__GIVEN DATA__
____________

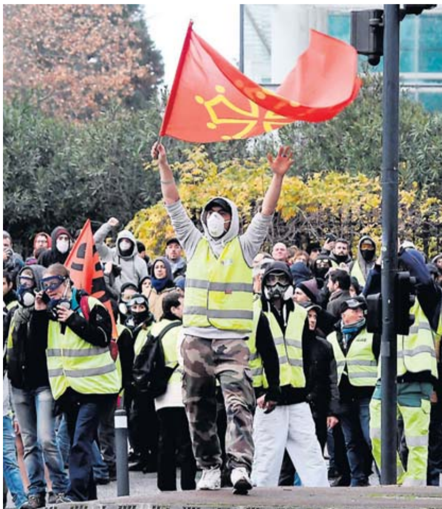
Manif samedi dernier des gilets jaunes et de la Marche pour le climat.

Gilets jaunes, lycéens, syndicats... des manifestations sont annoncées pour vendredi et samedi dans le centre-ville de Toulouse qui vient de connaître deux week-ends de violences. Dans ce contexte, leur maintien fait débat. • pages 20 et 21
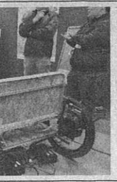
道石狩市）は、高速でジャガイモの芽を取る自動装置の画像認識システムを出展。ニッコ

【札幌】北海道で最大級のビジネスイベント「第33回北海道技術・ビジネス交流会」が7日、札幌市白石区のアクセスサップポロで開幕した。道内企業を中
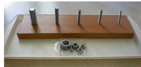
Slika 3. Materijal za praktične vježbe (izvor: http://os-montessori-bdvranyczany-zg.skole.hr/skola )
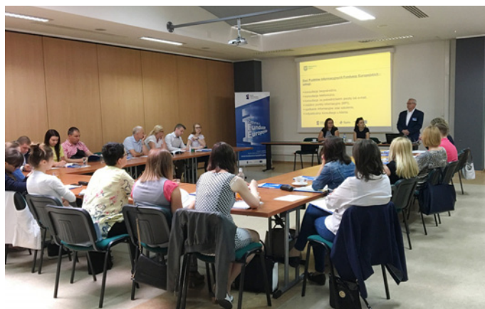
Podczas spotkań informacyjnych przedstawiono możliwości pozyskania środków z EFS w ramach RPO WSL 2014-2020
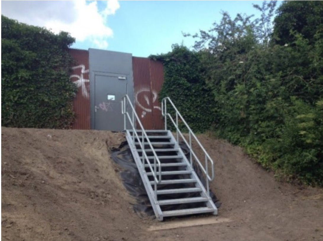
Figuur 2.3 Vluchttrap
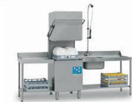
FAST 180 (Mesas opcionais)
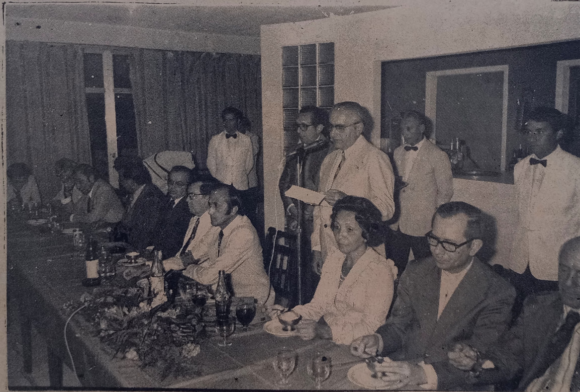
Na reunião da Associação Comercial muitas autoridades estiveram presentes.
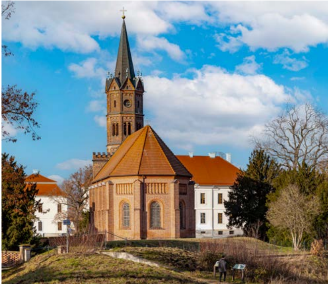
Das historische Ensemble aus Schloss Großkühnau und der Kirche am Kühnauer See
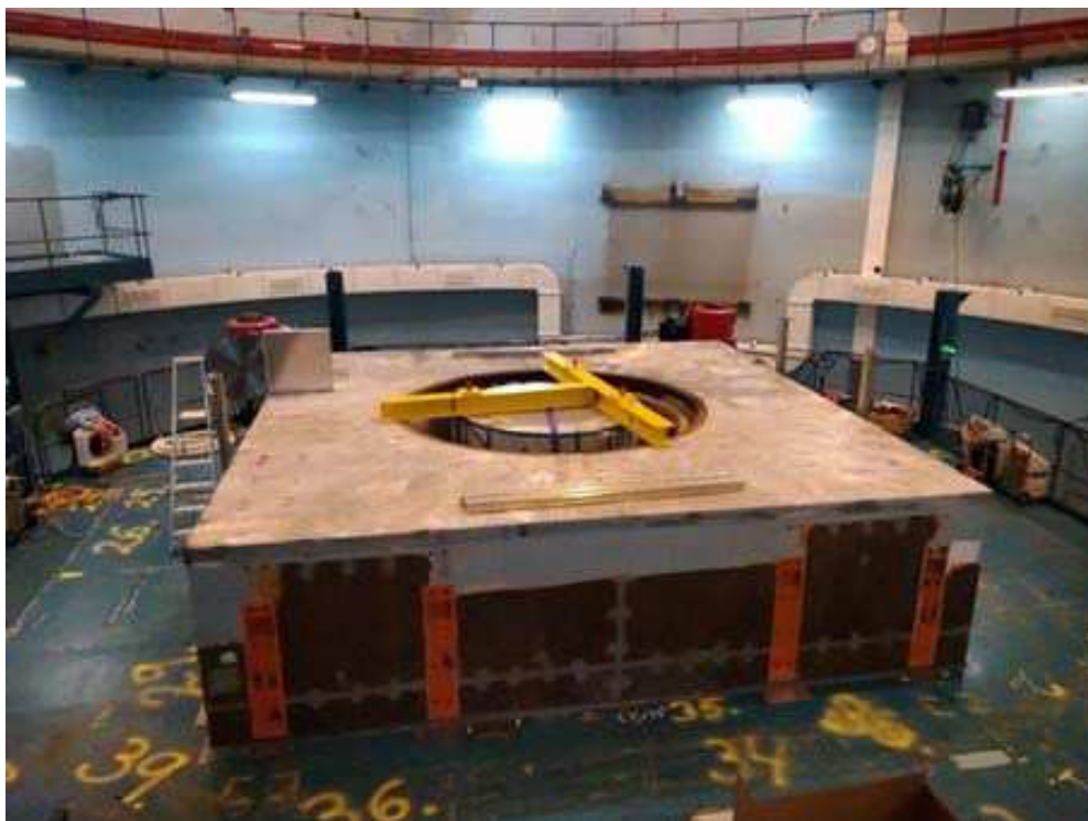
Figur 2. Opskæring af den tilbageværende betonaufskærmning på DR 3 (2020).

Afviklingen af Teknologihallen er tilendebragt, og de nukleare tilsynsmyndigheder har modtaget dokumentation for efterlevelse af krav til frigivelse med henblik på godkendelse af frigivelse af bygningerne til brug uden restriktioner.

____________

__TRY IT__
Scan the data above for the string "samedi". Copy every line in which it appears.

__EXERCISE OUTPUT__
Manif samedi dernier des gilets jaunes et de la Marche pour le climat.
Gilets jaunes, lycéens, syndicats... des manifestations sont annoncées pour vendredi et samedi dans le centre-ville de Toulouse qui vient de connaître deux week-ends de violences. Dans ce contexte, leur maintien fait débat. • pages 20 et 21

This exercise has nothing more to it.